# Records for this task
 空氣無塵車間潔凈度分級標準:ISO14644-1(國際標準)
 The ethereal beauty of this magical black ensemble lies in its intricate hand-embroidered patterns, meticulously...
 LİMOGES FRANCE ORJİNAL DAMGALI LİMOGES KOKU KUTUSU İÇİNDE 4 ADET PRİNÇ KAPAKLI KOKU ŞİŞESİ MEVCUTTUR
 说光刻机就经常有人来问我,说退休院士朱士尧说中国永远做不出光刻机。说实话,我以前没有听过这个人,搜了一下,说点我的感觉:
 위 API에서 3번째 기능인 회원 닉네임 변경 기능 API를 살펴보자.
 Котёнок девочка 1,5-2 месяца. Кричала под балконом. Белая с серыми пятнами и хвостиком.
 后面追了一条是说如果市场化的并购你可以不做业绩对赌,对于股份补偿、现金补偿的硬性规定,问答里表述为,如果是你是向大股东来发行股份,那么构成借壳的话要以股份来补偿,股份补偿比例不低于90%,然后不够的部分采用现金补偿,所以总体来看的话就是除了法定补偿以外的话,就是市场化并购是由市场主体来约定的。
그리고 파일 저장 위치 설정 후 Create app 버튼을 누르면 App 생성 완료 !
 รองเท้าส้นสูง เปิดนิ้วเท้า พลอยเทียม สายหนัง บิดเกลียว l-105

---

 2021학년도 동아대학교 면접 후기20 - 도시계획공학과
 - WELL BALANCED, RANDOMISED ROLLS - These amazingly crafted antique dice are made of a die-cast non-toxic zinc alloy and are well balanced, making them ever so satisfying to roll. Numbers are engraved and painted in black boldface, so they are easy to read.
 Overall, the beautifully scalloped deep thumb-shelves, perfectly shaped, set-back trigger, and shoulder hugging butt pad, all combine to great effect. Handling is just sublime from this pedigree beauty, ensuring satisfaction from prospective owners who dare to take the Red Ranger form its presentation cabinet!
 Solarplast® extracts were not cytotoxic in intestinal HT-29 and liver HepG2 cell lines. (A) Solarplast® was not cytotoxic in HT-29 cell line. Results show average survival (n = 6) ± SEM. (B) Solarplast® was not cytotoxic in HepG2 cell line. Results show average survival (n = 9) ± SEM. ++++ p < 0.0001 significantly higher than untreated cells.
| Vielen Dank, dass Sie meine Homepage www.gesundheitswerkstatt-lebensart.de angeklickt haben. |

# Task objective
Print exactly the lines of the listing above starting at the line containing "说光刻机就经常有人来问我,说" and ending at the line containing "รองเท้าส้นสูง เปิดนิ้วเท้า พลอยเทียม", both included.

# Response
 说光刻机就经常有人来问我,说退休院士朱士尧说中国永远做不出光刻机。说实话,我以前没有听过这个人,搜了一下,说点我的感觉:
 위 API에서 3번째 기능인 회원 닉네임 변경 기능 API를 살펴보자.
 Котёнок девочка 1,5-2 месяца. Кричала под балконом. Белая с серыми пятнами и хвостиком.
 后面追了一条是说如果市场化的并购你可以不做业绩对赌,对于股份补偿、现金补偿的硬性规定,问答里表述为,如果是你是向大股东来发行股份,那么构成借壳的话要以股份来补偿,股份补偿比例不低于90%,然后不够的部分采用现金补偿,所以总体来看的话就是除了法定补偿以外的话,就是市场化并购是由市场主体来约定的。
그리고 파일 저장 위치 설정 후 Create app 버튼을 누르면 App 생성 완료 !
 รองเท้าส้นสูง เปิดนิ้วเท้า พลอยเทียม สายหนัง บิดเกลียว l-105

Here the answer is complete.